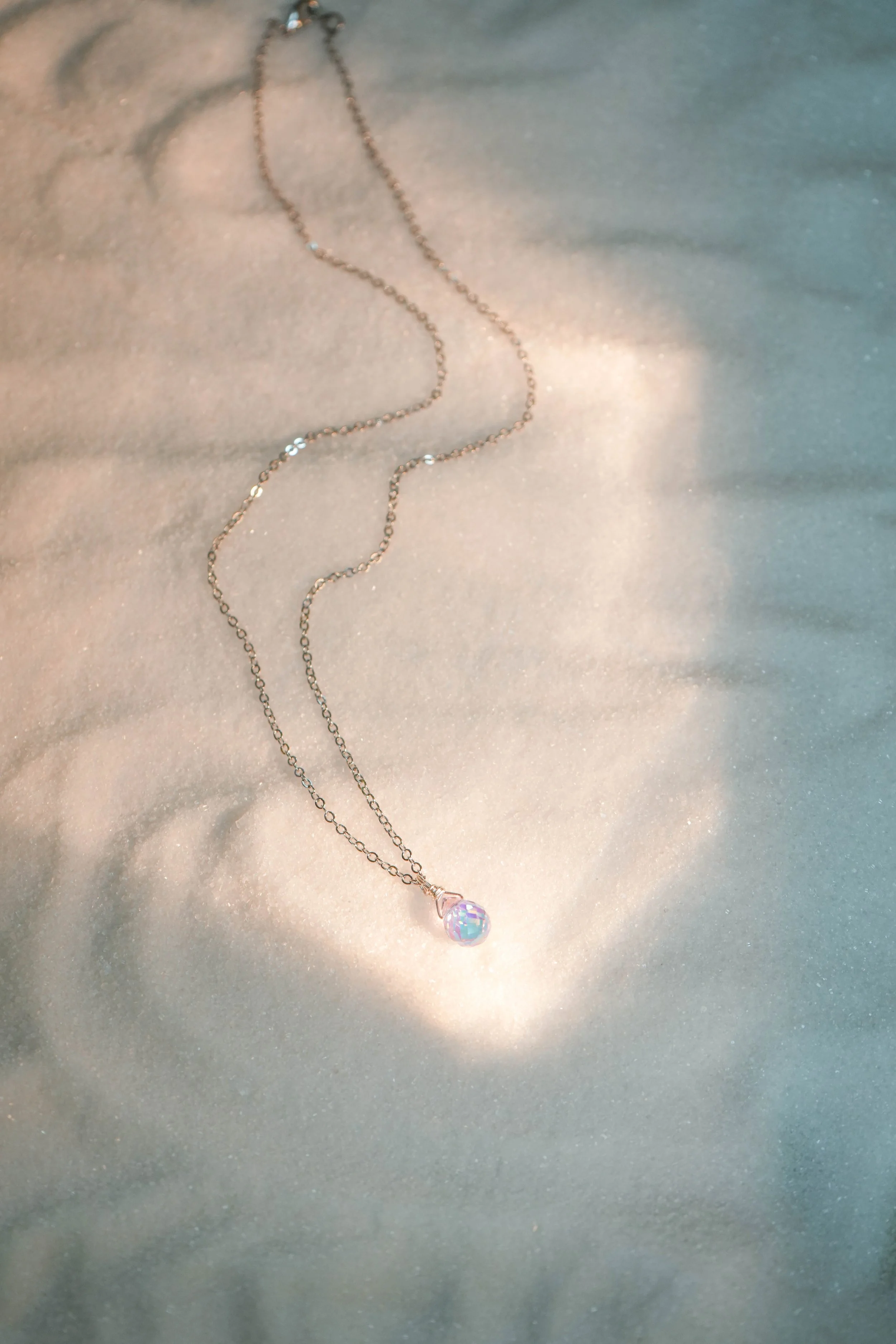A delicate necklace with a small, iridescent pendant resting on a glittery, light-colored surface.
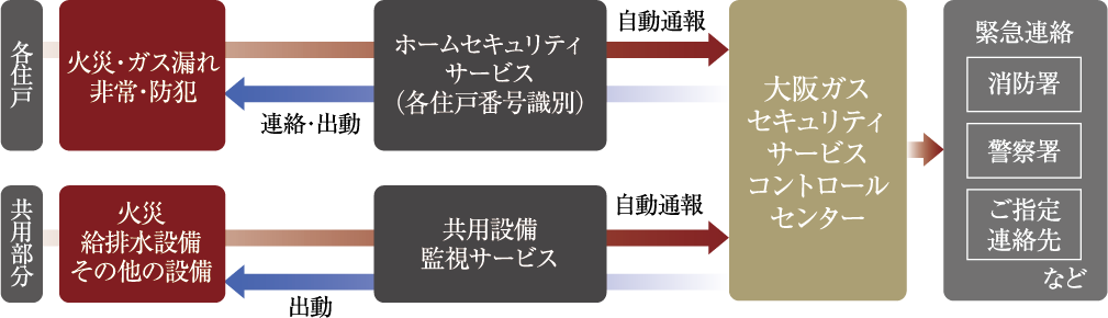 火災感知器やガス漏れ警報器による異常検知、セキュリティインターホンの非常ボタンによる通報、防犯(マグネット)センサーによる侵入検知などで、コントロールセンターに自動通報。状況に応じて警備員が駆けつけ、迅速・的確な対応を行います。
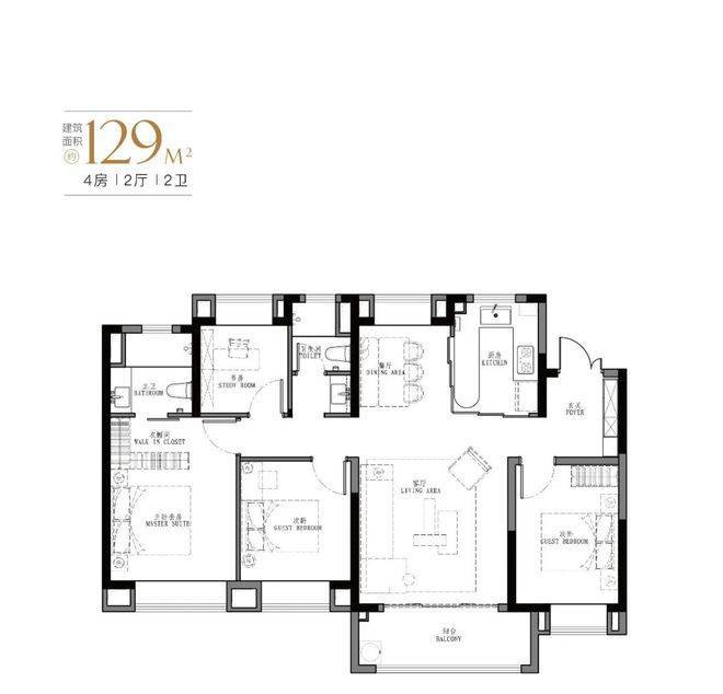 产品:103㎡、107㎡的三房两厅两卫及123㎡、129㎡的四房两厅两卫

• _WHAT THE TASK ASKS_:
Please retype the material above exactly, and omit its images.

• _TASK ANSWER_:
A delicate necklace with a small, iridescent pendant resting on a glittery, light-colored surface.
 火災感知器やガス漏れ警報器による異常検知、セキュリティインターホンの非常ボタンによる通報、防犯(マグネット)センサーによる侵入検知などで、コントロールセンターに自動通報。状況に応じて警備員が駆けつけ、迅速・的確な対応を行います。
 产品:103㎡、107㎡的三房两厅两卫及123㎡、129㎡的四房两厅两卫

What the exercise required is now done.